Oct 14, 2007 19:24
With the review one old e-mail, I found the ability to shed a tear of someone who is unbelievably in love.
This is one love that has been feeding to me steadily for the past two-and-a-half years, and it has always sent the same message: I'm here for you and I'm not leaving. In fact, I'll even fight for you and with you and will put up with you in your worst days and enjoy you all the rest.
Sometimes I can't hear or feel it, and that's when I get emo and frustrated and post secret entries on here about my rather silly reactions. I'm a loveleech; I crave to feel it at every moment and at all times. And sure, God loves me like that, but it's almost like He has to because He is love; however, what I'm talking about is the human connection of love.
What about when it's voluntary and still persists? That's what convinces me now.

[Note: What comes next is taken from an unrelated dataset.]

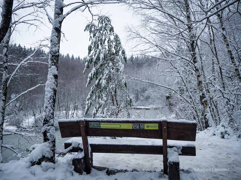Fichtenbestände wechseln sich mit Jungbuchen ab, meine Hündin und ich durchstreifen die Schneelandschaft. Schließlich gelangen wir zur Sennhütte, die momentan ja leider geschlossen ist. Dort gäbe es Leckereien wie Sennhüttenschmarrn oder Spätzle und Knödel. Also weiter, kurz hinter der Hütte heißt es rechts abbiegen. Dort beginnt ein Naturschutzgebiet namens St. Avold.

With all the expectations and rules given in life, I naturally drift toward the unusual and unexpected. Lately I have felt as though I am a Lone Renegade and the people in all spectrums in my life will forever argue over whose fault that is. Frankly, I don't take sides on this issue anymore; I've found that people will react differently to the same thing and hate or love you based on what you do sometimes. And if it's not labelled as 'hate', estrangement is a pretty accurate description of what it is.
I can't control how people feel about me - opinions are in the eye of the opinioner. My views have been broadened since I saw the world outside my tiny box (literally and figuratively), and I'm not ashamed of what I've learned. It heightened my pride in the sense that now I am humbled to how limited my vision used to be to the hearts of other people.
For my part, I'm doing whatever I can to fulfill "loving with all of my heart, soul, and mind." Please who it may, putrify who it might, it's the way it is. If someone tries to tell me that love is a wicked and cruel thing, I will leave you to your opinion and hope that someday, we can talk about it and maybe reach an accord. Just realise that to me, what you say will always be your opinion, and the next guy might hold the same values and see it completely differently.
Maybe I'm just that 'next guy'. Maybe I misunderstand the world the way it "really" is, but isn't there a chance that you do, too? Someone who lives blind still lives, and they still have value. Give them reading glasses all you want, but you can't change who they are or their 'condition' (as you may perceive it to be). Teach them about the world as you see it, but don't expect them to walk the way you walk or feel strongly about the colour difference of black and white. They just don't know because their world is their own--every day is felt and lived entirely different from your own.
Are they wrong for being 'blind' in the first place? It's debatable, honestly. Who is calling them blind, you, or their Maker? Are they the same?? I should think not. Forcing a sightless person to picture the world as you interpret it will only give them a limited scope of what is available; you cannot ever supply the whole picture. Experience, patience, and yes, some guidance, might assist them in living life to the full.
But only God could provide that miracle of true sight for them. Who are we to think we have the power to turn hearts? I wish for once that someone would leave Him to it; perhaps that is the true blindness after all?!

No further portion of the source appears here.